Hollywood Bowl Empty Seats

April 26, 1996

April 26, 1996

Malibu ShoresUnfortunately, this was the first and last cast party for Malibu  Shores – eight episodes aired on NBC at 8 PM Saturday nights before we got cancelled. It makes me feel a little bit better (but not much) that our time slot was referred to as the “Tower of London” – where shows were sent to await execution.

Malibu Shores TV

Pull the plug

Malibu Shores TV - OFF

This was my only experience on staff at a TV show. At first, it was a huge shock to my system – we were expected to work in the Aaron Spelling offices from 9 AM until midnight or beyond (plus weekends) if necessary. Eventually, I adapted and grew to love it right around the time it ended. The time pressure could be as exhilerating as it was exhausting. It was gratifying to see what we wrote produced as soon as copies could be made instead of enduring the uncertainty of casting-contingent MOWs (also referenced above).

Charisma Carpenter
Charisma Carpenter

For the millions who never saw a moment of Malibu Shores, Charisma Carpenter was cast as the ultra-bitchy queen bee popular girl. She played the part perfectly – no one came  close to her reading in the casting process – which was truly a testament to her talent for acting. In person, she was delightful, friendly and unassuming.
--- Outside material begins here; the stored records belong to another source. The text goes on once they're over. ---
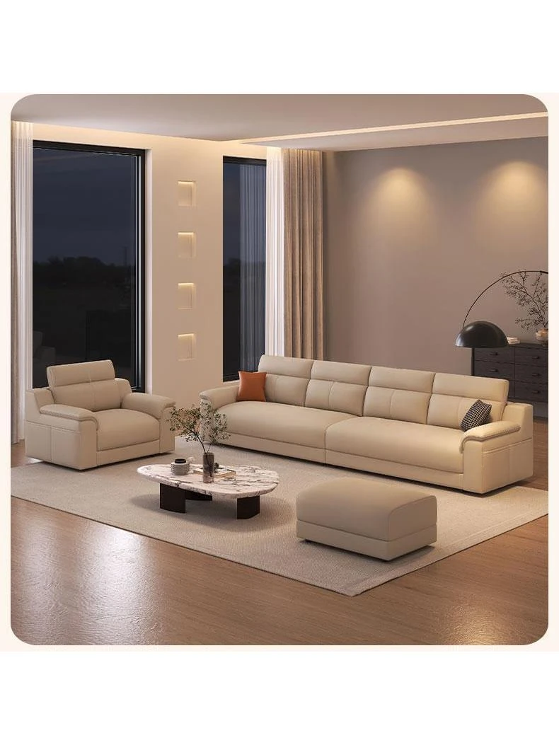 新作!本革使用のシンプルモダンイタリアンスタイルソファ - 猫の爪にも強い、リビングにぴったりの軽 luxe デザイン!全真皮仕様で高級感満点。あなたの家に洗練された美しさを。
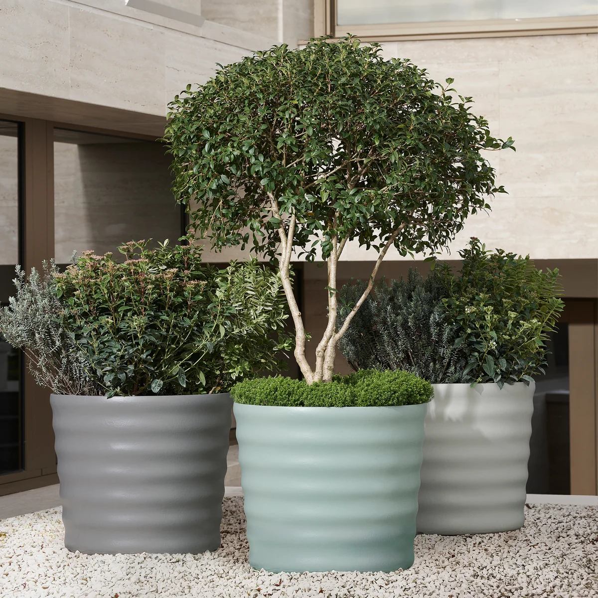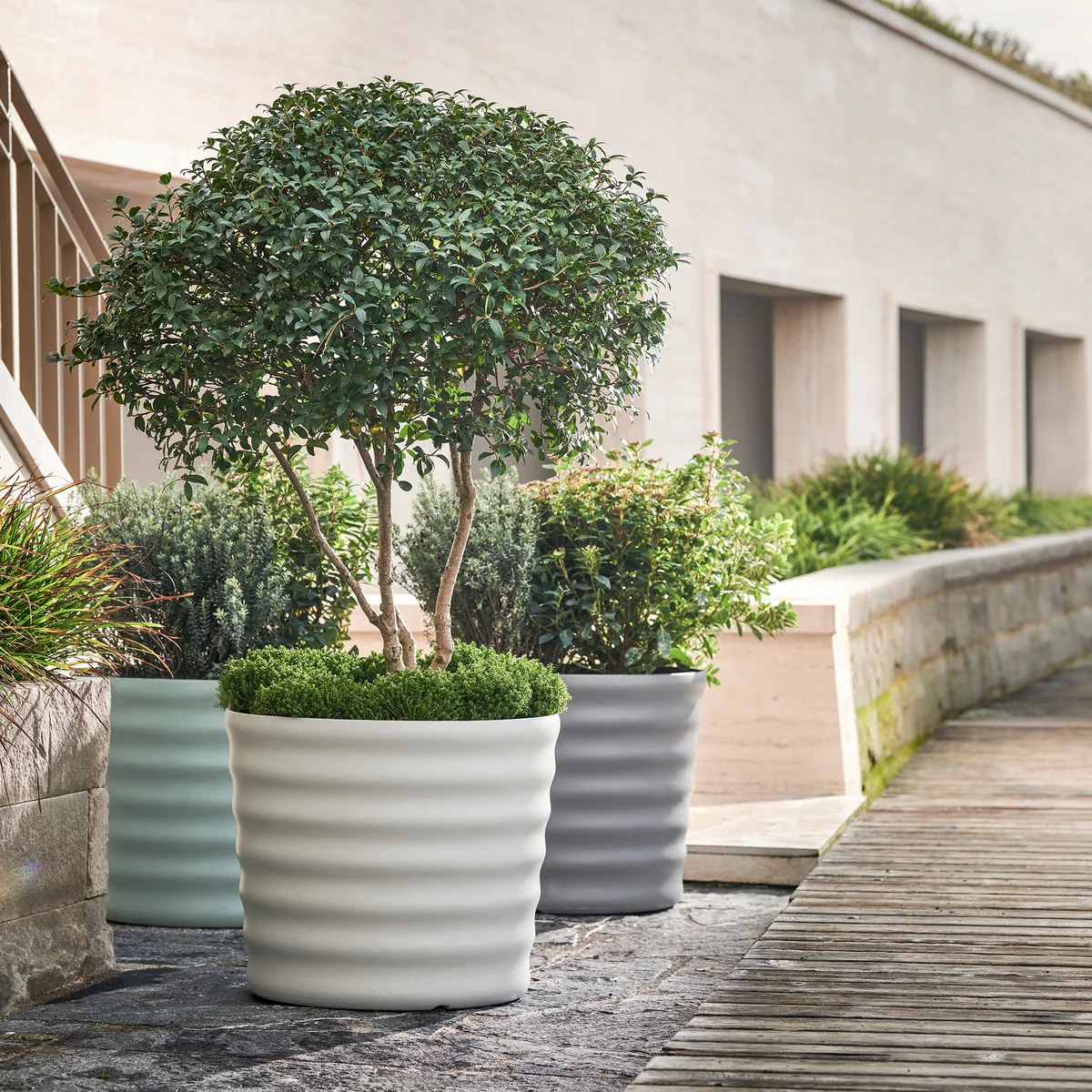 Anders als die gewöhnlichen Designs der Marke Eternit mit glatter Oberfläche, besticht das Maia Pflanzgefäß durch eine leicht gewellte und verspielte Außenseite. Maia steht durch die dezente natürliche Färbung bewusst im Hintergrund und lenkt somit den Fokus automatisch auf die farbenfrohen Pflanzen auf dem Balkon, der Terrasse oder im Garten.
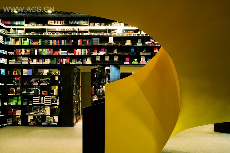 顾客在一楼可通过旋转的窗架门进入书店。顾客从右边的那个楼梯到达一楼的中间夹层,该夹层位于客厅上的边缘,与悬挂在宽广的中央区上的三个区域相连接:分别为听众席,用于举办课程和讲座;古典音乐与爵士音乐唱片区;以及用于举行新书发布会的地方。
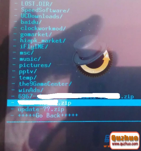4:雙清之後按音量鍵選擇install zip from sdcard,然後再選擇choose zip from sdcard,然後找到剛才放到手機sd卡裡zip格式的rom刷機包 XXXX.zip,然後按音量鍵選中,然後按HOME鍵確認,接著選中 Yes-install XXXXX.zip並確認開始刷機...

Charisma Carpenter, Queen Bee
Charisma Carpenter, Queen Bee
Keri Russell
Keri Russell

Keri Russell was also terrific in the lead role, which she also nailed with a sensational audition.

Star-crossed Malibu Shores teen lovers Keri and Tony
Star-crossed Malibu Shores teen lovers Keri and Tony

I love to watch her brilliant, nuanced performance on The Americans today and remember the beautiful sun-kissed teen she played on Malibu Shores.